The 2019 fall gathering of the U.S. bishops in Baltimore lacked the drama of last year’s meeting, where a breakdown in communications between the USCCB and Rome on addressing the sex-abuse crisis was visible for all to see (an embarrassment for which the official explanation contradicts the well-documented history). This time around, the bishops avoided major public missteps and everything appeared to go according to plan. They approved the revised document on strategic priorities for 2021 to 2024 (evangelization, vocations, life and dignity of the human person, the protection of children). They elected the new secretary for the conference, as well as a chairman of the committee for religious liberty, and chairmen-elect of five additional standing committees. They tapped Bishop Andrew Cozzens to succeed Bishop Robert Barron as chairman of the committee for evangelization; Cozzens, the auxiliary bishop of St. Paul-Minneapolis, is known for his sympathy toward the neo-traditionalist Priestly Fraternity of St. Peter and the Latin Mass in the pre-Vatican II rite. And there was the election of a new president: Los Angeles Archbishop José Gómez, who becomes the first-ever Latino to hold the position. The new vice president is Detroit Bishop Allen Henry Vigneron, who, if elected president three years from now, would turn seventy-five during his tenure and would therefore have to submit his resignation to the pope.
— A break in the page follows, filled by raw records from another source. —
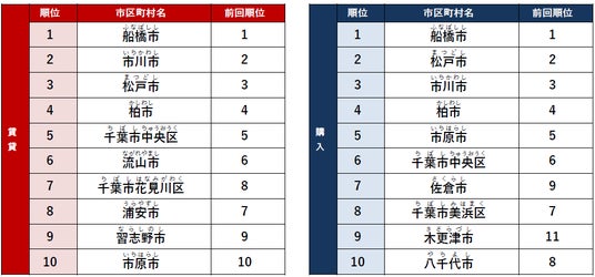 購入1位は「茂原」駅で、前回4位からランクアップしました。駅周辺にはショッピングモールの「南総サンヴェルプラザ」や「三越」などがあり、買い物をするのに便利です。また、茂原公園内には2,000本以上の桜が植えられていて、「さくら名所100選の地」に選ばれました。
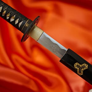 Forge Soshu Kitae, trempe sélective (véritable hamon), aiguisage à la main, saya rouge sombre, ito et sageo noirs
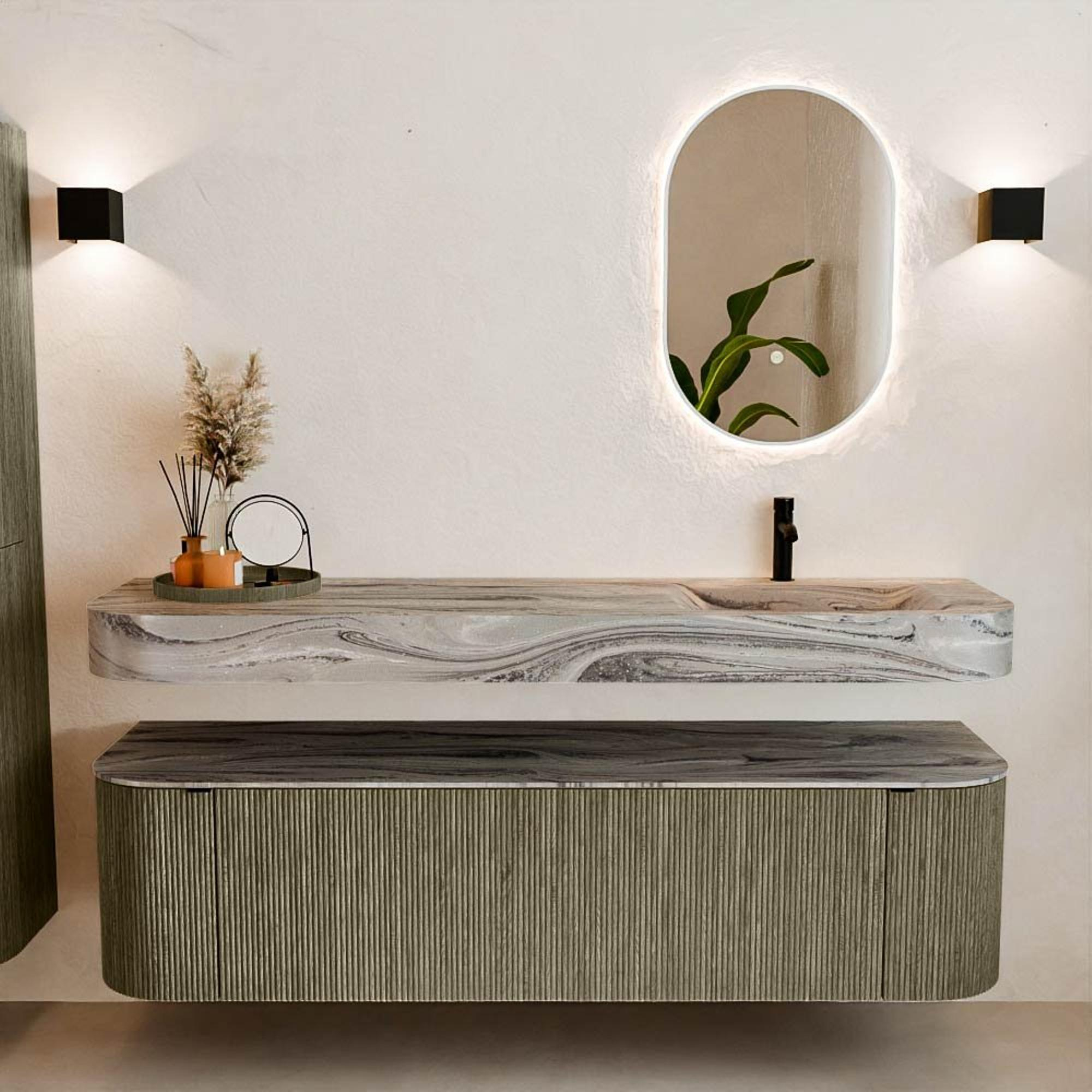 Matériaux naturels dans des tons chauds. Les nervures verticales apportent rythme et texture au design, tandis que le chêne confère une apparence chaleureuse et artisanale. Choisissez parmi 5 teintes de bois OAK, WALNUT, DUSK, SHADOW et RUBY, des couleurs de bois soigneusement sélectionnées pour enrichir les salles de bains modernes et classiques.

The elections underscore the fact that bishops from the John Paul II and Benedict XVI eras remain the majority of the conference and its center of gravity. This was also apparent in the heated debate over preparation of the Faithful Citizenship guide for the 2020 elections. A small group of bishops, who like Francis believe that teaching on abortion should be presented in the larger context of life issues (including climate change and poverty), sought to include a paragraph from the pope’s encyclical Gaudete et exsultate expressing this idea. The proposal was rejected. Instead, the majority approved five short video scripts and a brief introductory paragraph identifying abortion as the “preeminent priority” for the coming election year. This is far out of tune with the political thinking of many voting Catholics, for whom the issues of immigration, the care for creation, and economic justice—not to mention the Trump presidency itself—also loom large. In some ways, the coming election is about just what kind of Christianity the U.S. Catholic church will choose to embody in a changing America. The majority of the bishops gathered in Baltimore seemed to evince no awareness of this.

Nor did they seem to appreciate the polite yet pointed criticism delivered by U.S. papal nuncio Archbishop Christophe Pierre in his opening speech to the conference. In encouraging bishops to honestly assess the progress of the new evangelization, he said the following: “While there has been a strong emphasis on mercy by the Holy Father, at times, paradoxically, people are becoming more and more judgmental and less willing to forgive, as witnessed by the polarization gripping this nation.” He made clear—in his diplomatic way—that it has not gone unnoticed that many U.S. bishops have largely ignored the two most challenging documents of Francis’s teaching: Amoris laetitia and Laudato si’. Their cool reception to Pierre seems another indicator of their unwillingness, or inability, to engage with our times.

The Baltimore meeting perfectly embodied the poisonous, deeply damaged ecosystem of online American Catholicism.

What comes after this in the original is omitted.